The pass was formerly known as Breckenridge Pass in the 1860s, when it served as an early route for thousands of prospectors during the Colorado Gold Rush who crossed from South Park to look for gold in the valley of the Blue around Breckenridge. In 1866, it was widened to a wagon road that accommodated stagecoaches. In 1882, under the direction of Sidney Dillon of the Union Pacific Railroad, the Denver, South Park and Pacific Railroad (by then controlled by the Union Pacific) begun laying narrow gauge tracks up the pass, which Dillon renamed in honor of Boreas, the Ancient Greek god of the North Wind. The line was a spur to Breckenridge (eventually extended to Leadville) off the company's main line from Denver through South Park. A roundhouse, still in existence, was constructed at Como at the junction of the lines. The rail line over the pass was a major engineering feat, primarily because of the winter snows at high altitude. When completed, it had dozens of snow sheds along its route, which approached a 4% grade in many places. A town of Boreas, now a ghost town, was constructed at the summit, primarily to house workers to clear the line in winter. The line was abandoned in 1937 by the Colorado & Southern, along with most of the company's narrow gauge right-of-way. After World War II, the Army Corps of Engineers reconstructed the route for automobile traffic. On the north side of the pass, Forest Service Road 593 leads to the 1880s ghost town site of Dyersville, as well as many abandoned mining sites.

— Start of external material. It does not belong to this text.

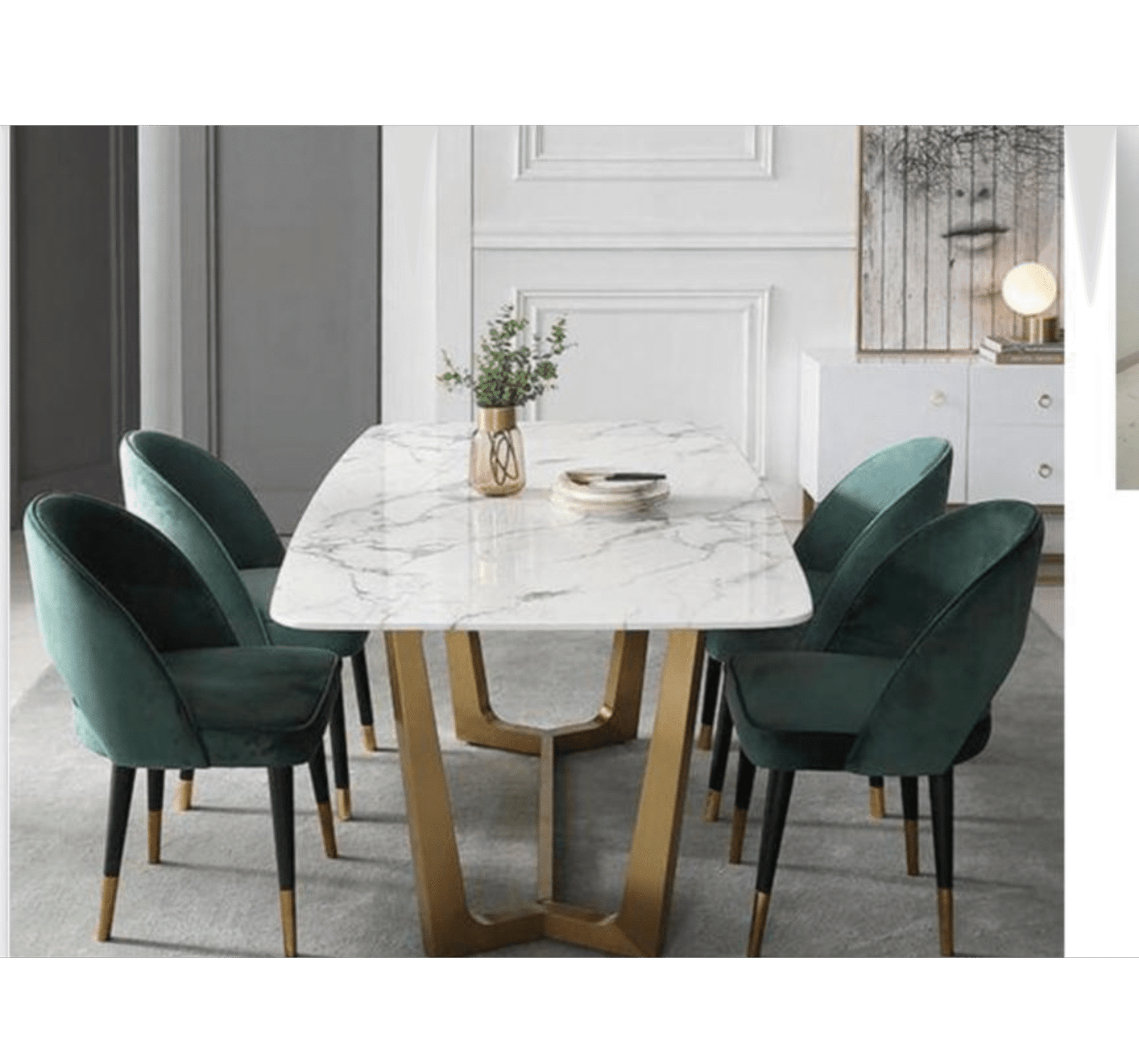 Add a touch of luxury and elegance to your dining area with this 4-seater marble dining table set. The table features a rectangular marble top with natural veining, supported by a sleek golden metal base for both stability and style.

The Boreas Pass Ditch was completed in 1910 to divert water over the pass from the headwaters of Indiana Creek, a tributary of the Blue River into North Tarryall Creek, a tributary of the South Platte River. The 0.8 mile (1.3 km) ditch has a capacity of 16 cubic feet per second (0.45m^{3}/s), and in an average year, it transports about 140 acre-feet (170,000m^{3}) of water. The ditch was originally built to irrigate land in South Park, but it currently serves the city of Englewood, which rehabilitated the ditch In 1990.

The Boreas Railroad Station Site is listed on the National Register of Historic Places.